The focus of this scene is the lightsaber in Luke’s hands. Writing the dialogue around what Luke is doing with the saber allows the writer to signal the speaker through blocking rather than tags.
#3: Use “said” almost all the time
Using a plethora of dialogue tags is one of the surefire ways to get me not to read past page five of a book. If the author obviously had the thesaurus open to the “says” entry, I’m DNFing that book right away. I have a low threshold for characters who “exclaim” their dialogue. Same goes for “declare,” “remark,” “utter,” and “state.”
I’d have to do a pretty extensive bit of statistical analysis on my books, but my gut tells me that I use “said” about 85% of the time a dialogue tag is needed. Why? Because if you always use “said” the word disappears on the page. The reader glosses over it, which is great when all you’re trying to do is help the reader know who’s talking. On the other hand, if one character “utters” something, and the next character “declares” something, and then a third character “exclaims” something, the reader is going to misspend their mental energy on dialogue tags when it is better spent elsewhere on the page.

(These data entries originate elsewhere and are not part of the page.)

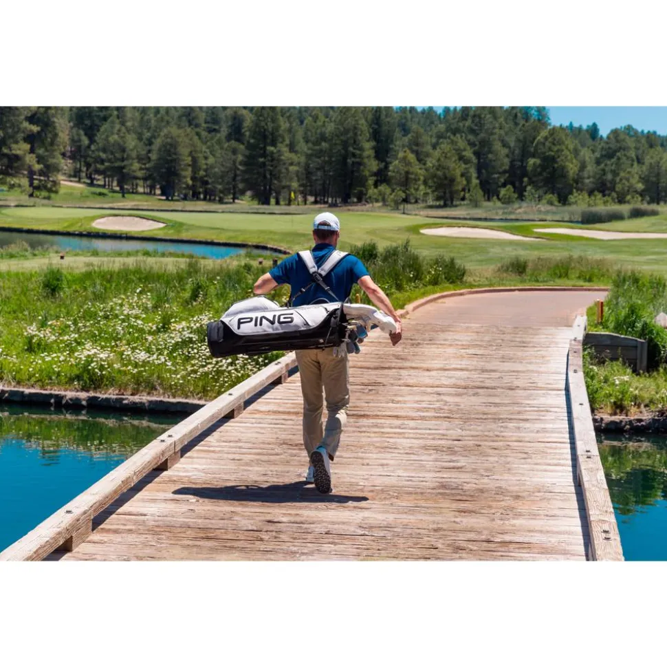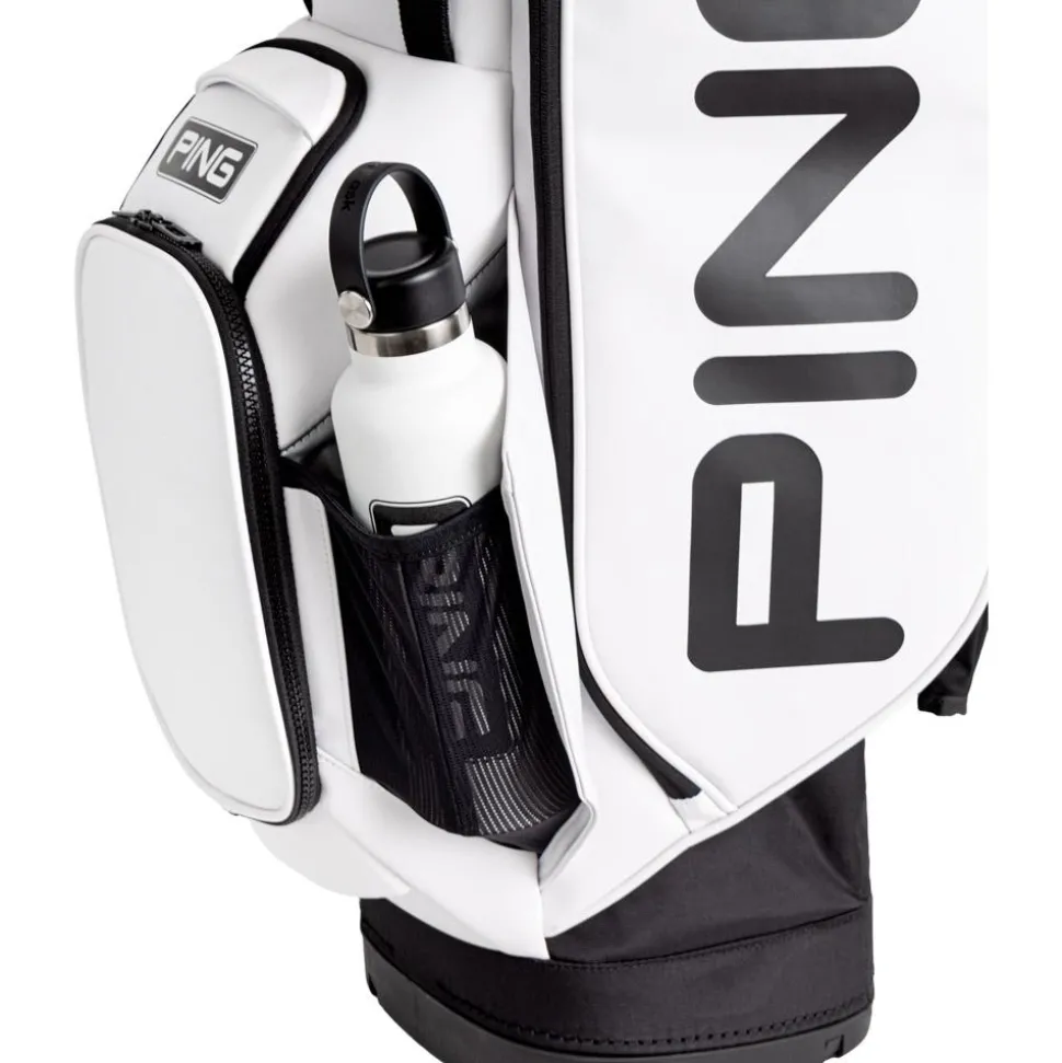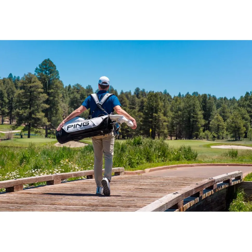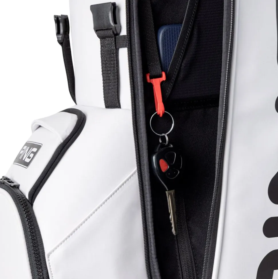 Le sac trépied Ping Hoofer Tour 244 White Black allie organisation optimale avec ses 5 compartiments et 9 poches, et confort grâce à ses bretelles ergonomiques, idéal pour un transport aisé sur les parcours.
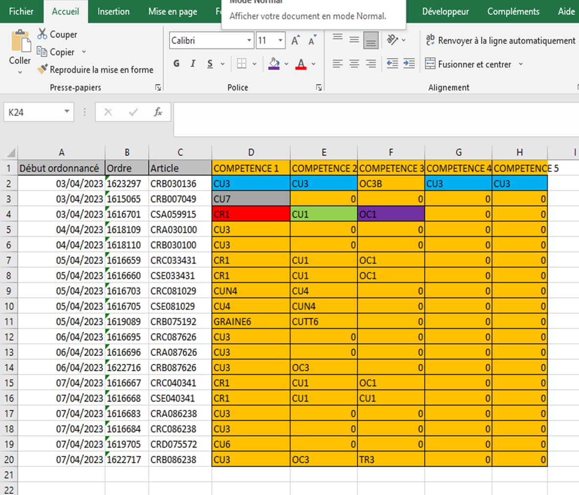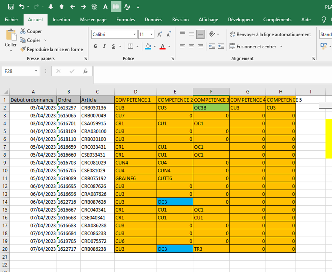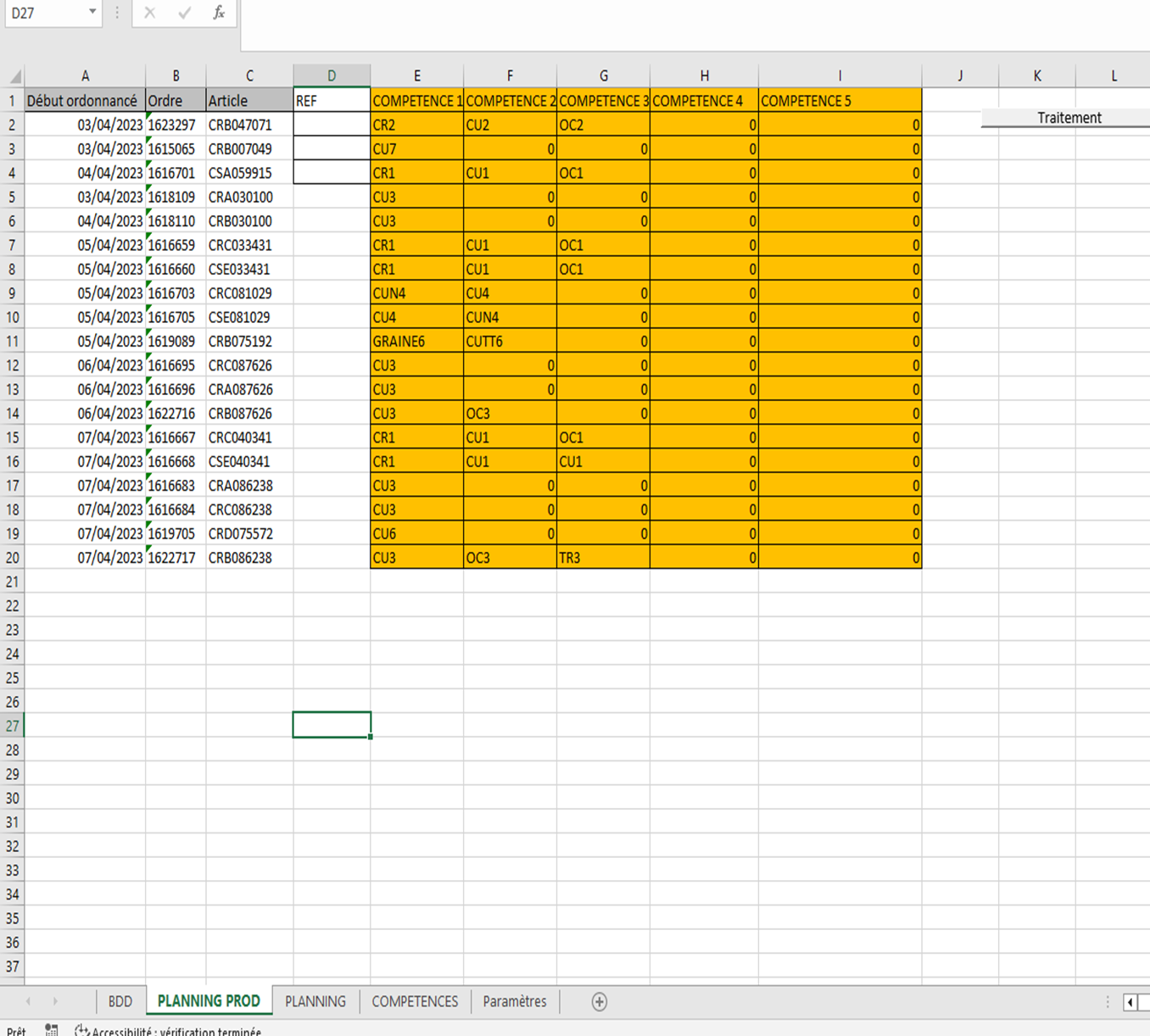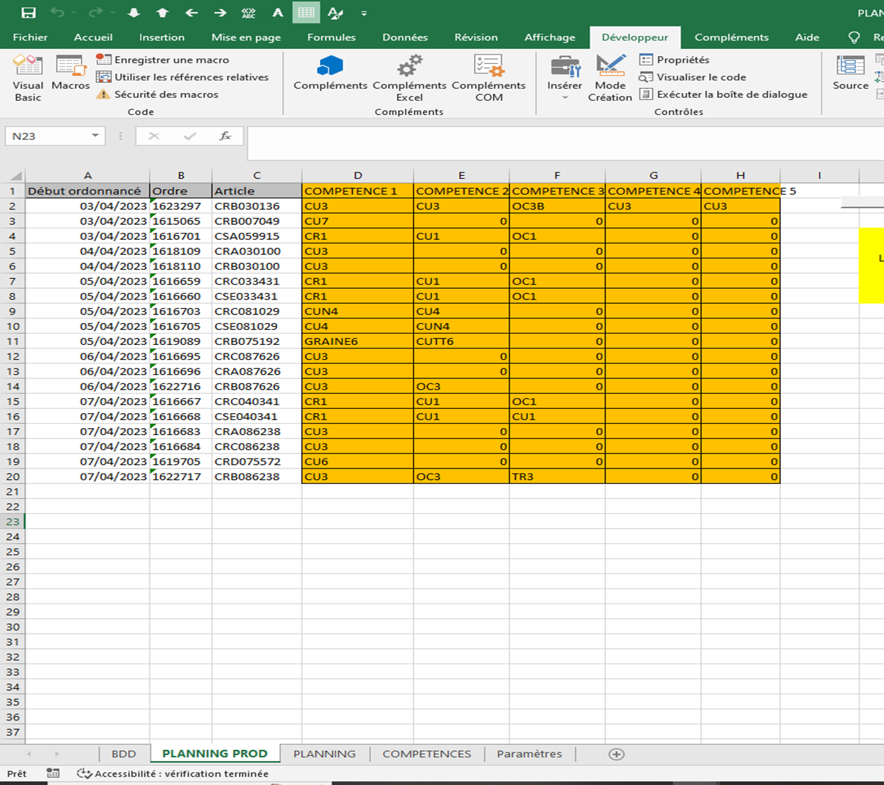 En l’état seules les 3 premières colonnes onglet « PLANNING PROD » sont traités car les 2 supplémentaires sont non intégrés pour chaque jour dans l’onglet « PLANNING »
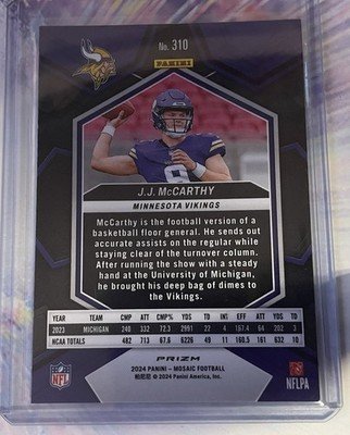 The product is a 2024 Panini Mosaic JJ McCarthy #310 Silver Mosaic Prizm rookie trading card featuring the player from the Minnesota Vikings in the National Football League (NFL). This original card manufactured by Panini is a sought-after collectible item for football fans, showcasing a parallel variety design in English language. Perfect for collectors looking to add a unique and valuable piece to their sports trading card collection.
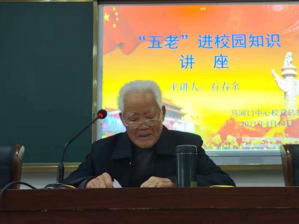 为强化校园德育建设,将爱党、爱国、爱岗敬业的情怀根植于广大教师和学生心中,充分发挥“五老”人员的余热,4月14日下午,马河口中心校邀请原中河小学退休老教师石春余给全体师生做了一堂生动的教育讲座。
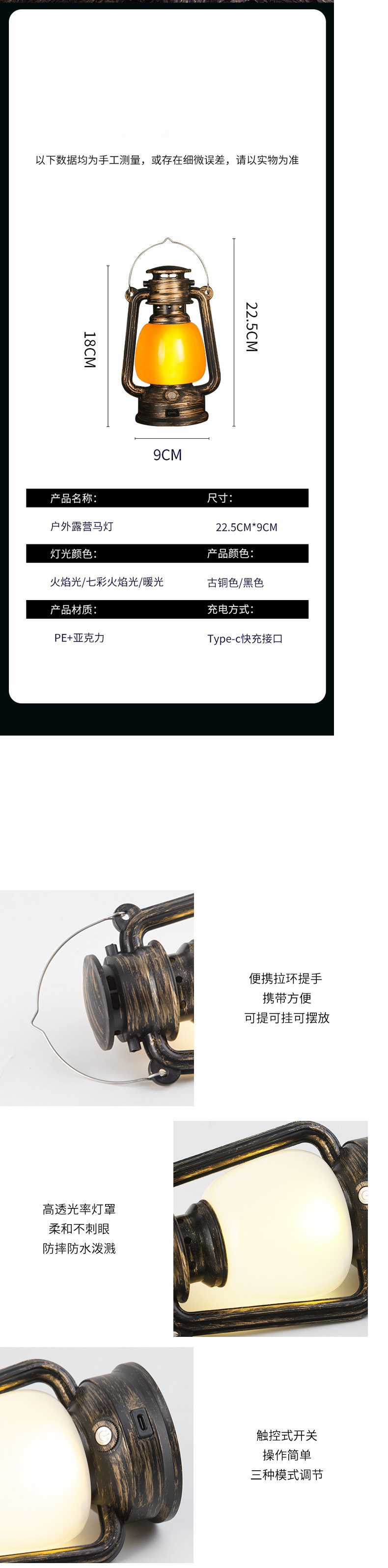 露營燈手提復古馬燈充電戶外爬山擺攤夜市提燈帳篷營地氛圍小夜燈
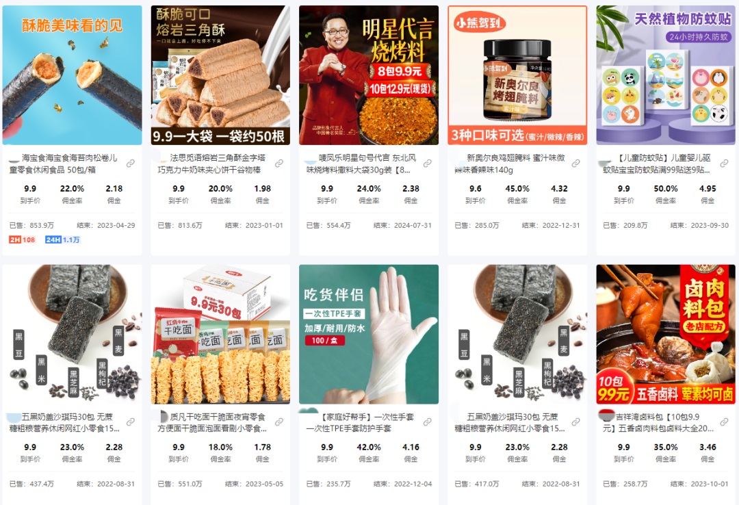 除此之外,鋅刻度在選品平臺(tái)的9.9元福利區(qū)發(fā)現(xiàn),其實(shí)9.9元商品的傭金并不像想象的那樣低,甚至大多傭金率都保持在20%至30%之間。具體來(lái)看,9.9元50包的海苔肉松卷傭金2.18元,傭金率22%;嘜鳳樂(lè)東北烤料30g大袋裝8包入,傭金2.23元,傭金率24%;吉祥灣鹵料包10包裝,傭金3.46元,傭金率35%;新奧爾良雞翅腌料140g,傭金4.32元,傭金率45%……
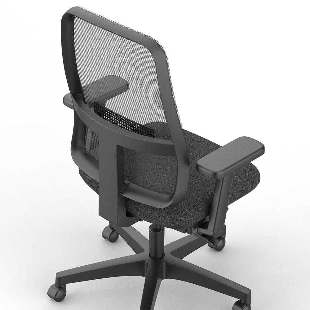 Poltrona Fresh girevole con braccioli regolabili, seduta imbottita con poliuretano espanso di altissima densità e rivestimento in tessuto, schienale in rete.
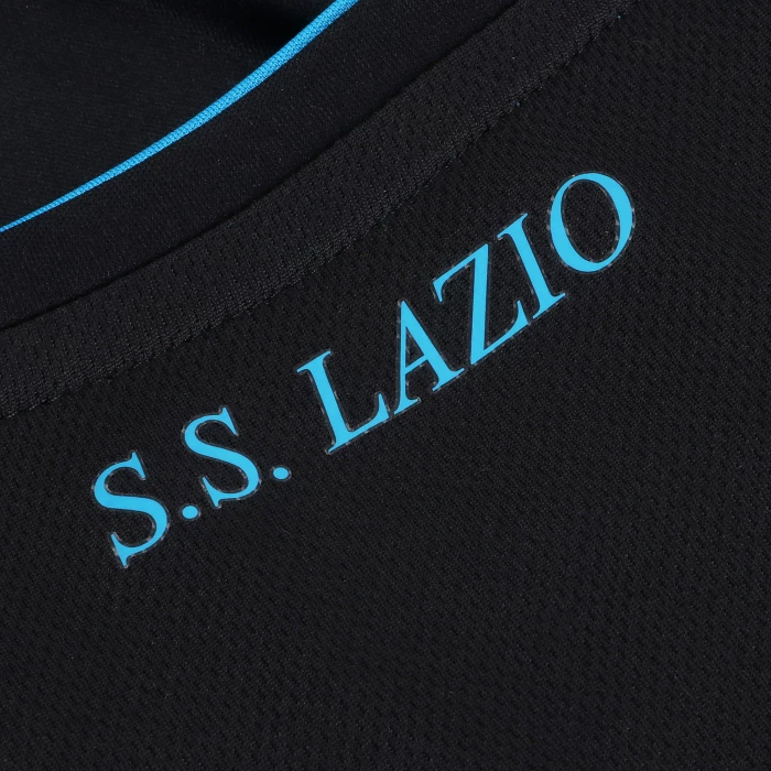 SS Lazio Away Jersey for the season 22/23. \x0d\x0aBlack uniform with ocean blue trim. \x0d\x0aThe jersey features multicolored gradient graphics inspired by the Olympia eagle as it soars through the skies of the Olympic Stadium during evening matches. \x0d\x0a
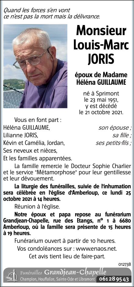 Décédé à Sprimont (6680) le jeudi 21 octobre 2021 à l'âge de 70 ans
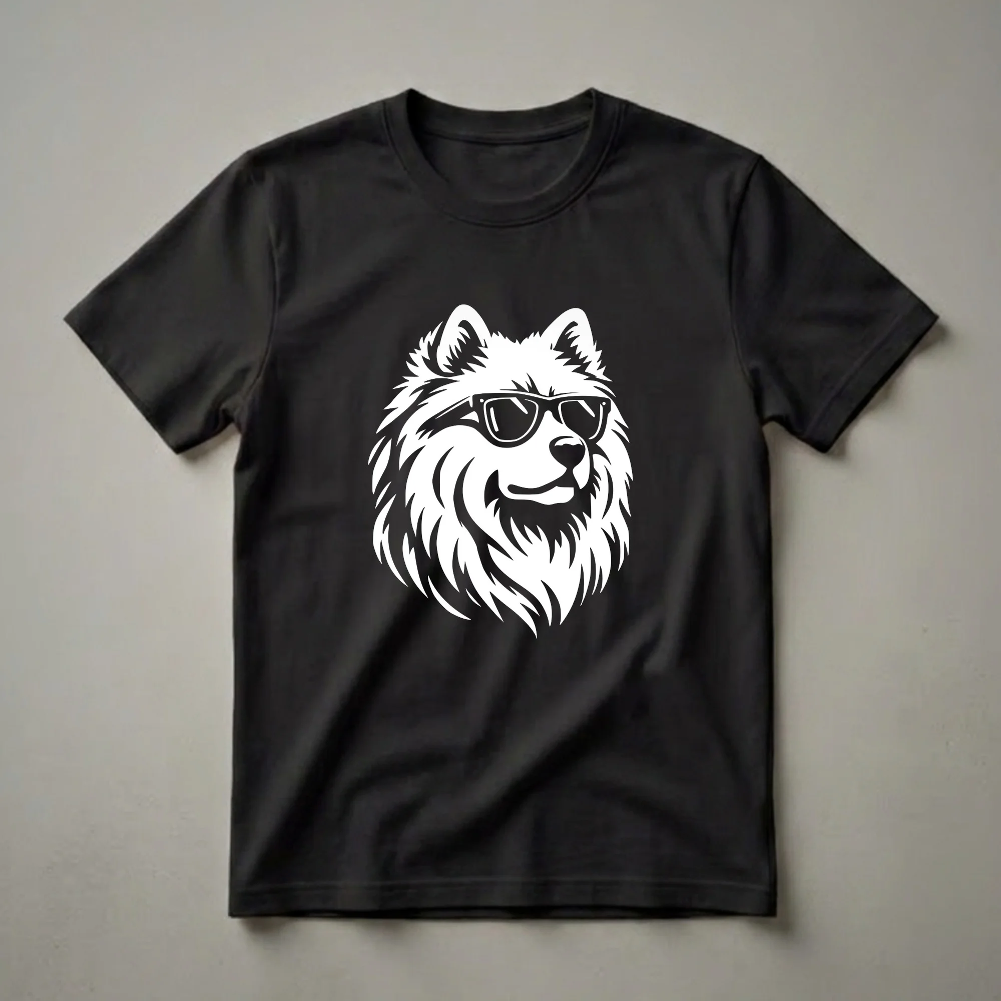 Samoyed owners know the breed's distinctive smile and fluffy white coat, often referred to as a 'Sammy smile.' This striking graphic tee captures that playful spirit with a stylized white Samoyed head sporting classic black sunglasses. The bold, high-contrast design stands out, making it a go-to tee for anyone who adores these intelligent and friendly dogs. Samoyeds, originating from Siberia, were bred as working dogs, known for their endurance and gentle nature. This shirt is a thoughtful gift for the dog mom or dog dad who cherishes their furry companion. It's a fantastic way to express your passion for your Samoyed, whether you're heading to a dog park, a casual outing, or just relaxing at home. The graphic tee offers a comfortable and stylish way to celebrate the unique bond between humans and their canine friends, embodying the cool, laid-back vibe of a dog ready for a sunny day. This shirt is a staple in the collection.
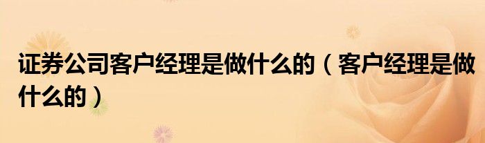 关于证券公司客户经理是做什么的,客户经理是做什么的这个很多人还不知道,今天菲菲来为大家解答以上的问题,现在让我们一起来看看吧!
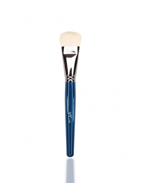 Brocha de contorno. Por su forma recta se estructura perfectamente el rostro. Su suave pelo de cabra funde el polvo con la base sin levantarla y dejando un acabado marcado del pómulo.
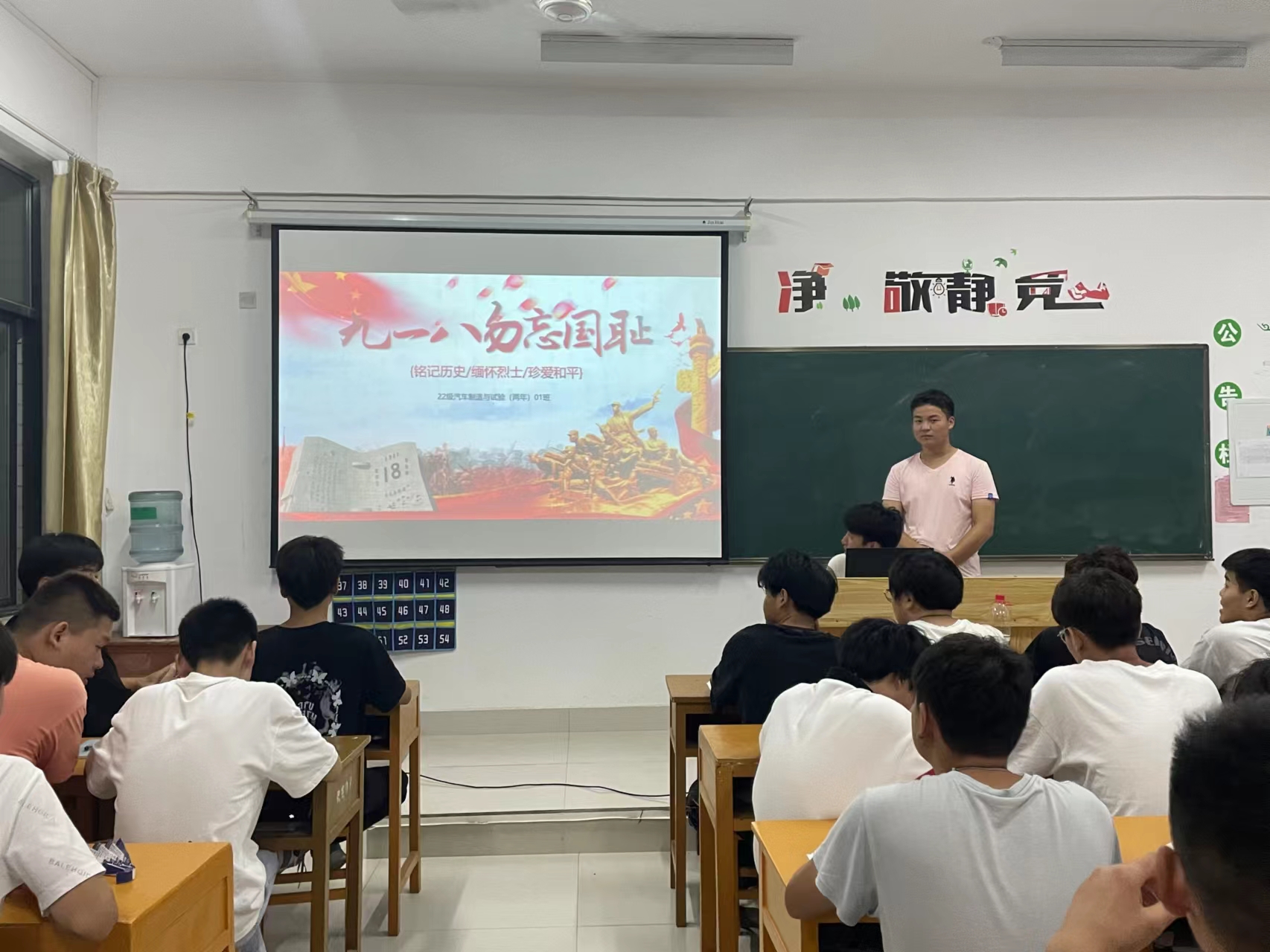 在活动上,各班班委向同学们讲诉了“九一八”事件,并组织同学们通过观看图片、视频、电影等来更深刻的了解“九一八”这段历史。
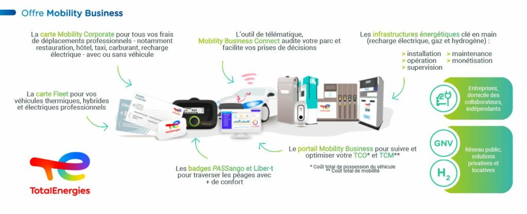 Avec l’offre Mobility Business, TotalEnergies met à disposition de ses clients professionnels les outils et solutions adaptés pour les accompagner vers une mobilité plus durable.

The other 15% of my tags fall under two categories. The first has to do with questions. I use “ask” as a tag second most frequently. The second category has to do with volume. I’ll use “yell,” “shout,” and “whisper” fairly often too.
#4: Don’t modify tags with adverbs
This is an extension of something I wrote a whole article about last November. If “declare” and “exclaim” tax a reader’s mental energy, then adding adverbs to dialogue tags does so even more. Recall our example from Harry Potter:
“Come on, Ron, you were always saying how boring Scabbers was,” said Fred bracingly.
What does “bracingly” even mean? We know from the words Fred is saying that he’s trying to cheer Ron up. We don’t need an adverb appended to the tag.
The rule here is that your dialogue should be compelling enough to convey within the speaking what a lazier writer conveys with an adverb. If a character is speaking “quickly,” give them short, staccato sentences. If they’re speaking “tediously,” let the dialogue ramble on a little too long.
#5: Make sure your characters have their own voices
In real life, everyone has their own distinctive manner of speaking: speech patterns, idioms, pacing, tone, word choice. Characters in novels should too, even though they are all written by the same person. The best test to see if your characters speak distinctly is to copy and paste a dialogue-heavy scene into a new document and remove everything but the spoken words. Give this document to someone who hasn’t read the book and see if they can sort out how many speakers are in the scene and who is speaking when. If the reader can get 75% or more right, you’ve done a pretty good job differentiating your characters’ speech patterns.
I’m sure there’s more I could say about dialogue tags, but this article is already twice as long as I meant it to be, so I’ll stop there. I invite you, the next time you are reading a novel, to pay attention to how the author uses dialogue tags. When are they distracting, and when do they melt into the page, giving you just enough information to follow the narrative. The latter is what we’re going for.